Empirically Evaluating the Security and Privacy Implications of Persistent Network Identifiers
Files
Publication or External Link
Date
Authors
Advisor
Citation
DRUM DOI
Abstract
Persistent, globally-unique link- and network-layer addresses present a privacy threat to the owners of the devices to which they are assigned, particularly when the device is physically or logically mobile. Best practices recommend the use of addresses that are ephemeral, random, or both, to protect user privacy. To date, there have been no large-scale, empirical studies of the degree to which these recommendations are being implemented in practice without privileged access to network data from a commercial third party. This is due, in part, to the difficulty of obtaining the quantities of addresses needed to draw any conclusions. Obtaining client IPv6 addresses is challenging without running a network service or partnering with an ISP; obtaining in-use link-layer addresses is difficult without being in physical or logical proximity to the interfaces to which they are assigned.

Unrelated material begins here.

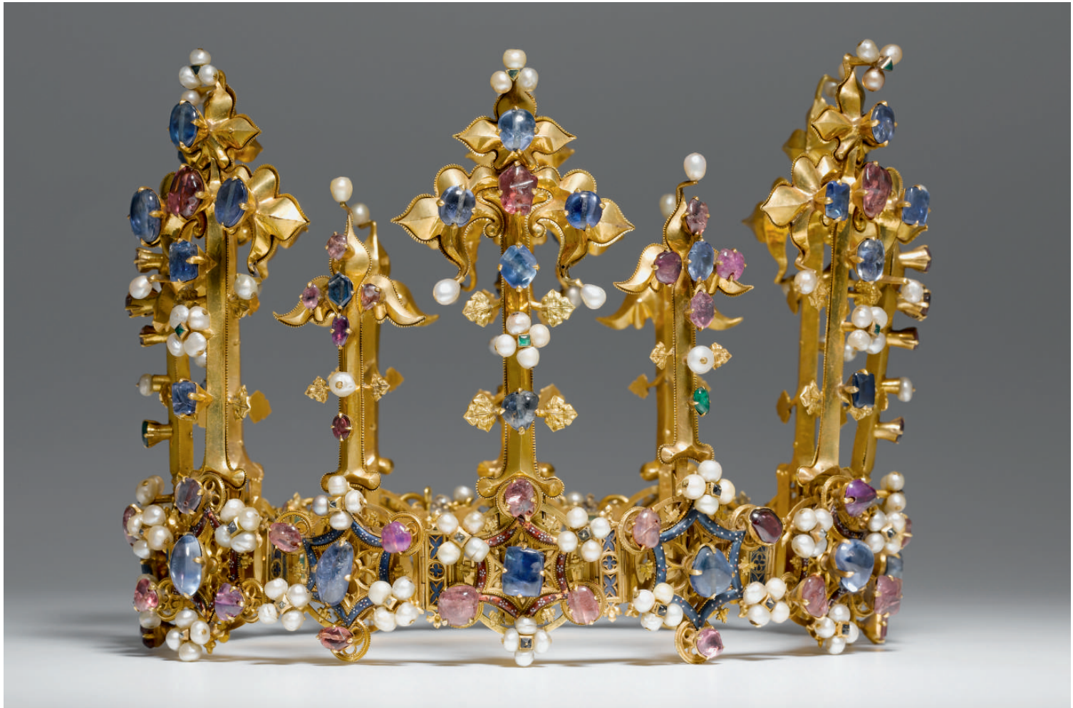
6 Krone aus der Mitgift der Pfalzgräfin Blanca, Tochter König Heinrich IV. von England, ca. 1370/80 | München, Bayerische Verwaltung der staatlichen Schlösser, Gärten und Seen, Residenz München, Schatzkammer

Ihr Erfolg beruhte auf der einzigartigen Herkunft der Pfalzgrafen des 12. und 13. Jahrhunderts, die aus den königsfähigen Familien der Staufer, Welfen und Wittelsbacher stammten. Die Fundamente für den Aufstieg legte Pfalzgraf Konrad (1156–1195), der Halbbruder Kaiser Friedrichs I. Barbarossa. Im Bund mit dem Kaiser organisierte Konrad das Erbe der Salier am nördlichen Oberrhein, das den Staufern zugefallen war. So erhielt die Pfalzgrafschaft neben Bacharach am Mittelrhein mit Heidelberg einen neuen Zentralort, so entstand das Zisterzienserkloster Schönau als eine erste Grablege der Pfalzgrafen. Das auf salischen Fundamenten erblühende Fürstentum fiel nach Konrads Tod an seinen welfischen Schwiegersohn Heinrich (1195–1214, † 1227), den ältesten Sohn Heinrichs des Löwen und Bruder Kaiser Ottos IV. In den wenigen Jahren der unangefochtenen welfischen Monarchie sorgte Heinrich erneut für nützliche Königsnähe. Doch der erneuerte Krieg zwischen Staufern und Welfen um die römische Krone brachte auch das Ende der welfischen Pfalzgrafschaft. Für kurze Zeit hatte Heinrich 1213/14 noch seinen gleichnamigen Sohn an der Herrschaft beteiligt. Aber mit dem Tod dieses jüngeren Heinrichs und mit den Siegen über den welfischen

In this thesis, I demonstrate that a low-power attacker can collect network addresses at scale and that recommendations to prevent persistent identifiers are not being followed in practice, resulting in a substantial degradation of user privacy. To demonstrate this, I obtain large-scale corpora of link- and network-layer addresses from a variety of novel sources. Using this data, I then show the feasibility of a variety of attacks. For e.g., I show that an adversary can passively gather billions of active, client IPv6 addresses that can be used to track individual devices longitudinally and across network changes. I demonstrate IPv6-specific home network vulnerabilities, such as a lack of stateful firewalling, that permit attackers to discover in-home IoT devices. Using archival Wikimedia data, I demonstrate a novel methodology for collecting millions of historical, client IPv6 addresses. Switching to a different address space, I then show that a low-power attacker can obtain the geolocations of billions of Wi-Fi access point geolocations remotely, and track their movements over time. I demonstrate that, when combined with Wi-Fi access point geolocation data, some IPv6 devices can be precisely geolocated due to leaked link-layer identifiers in IPv6 addresses. Finally, I distill the key components of privacy-preserving network addressing systems, and offer recommendations for how to adapt today's addressing schemes to these principles.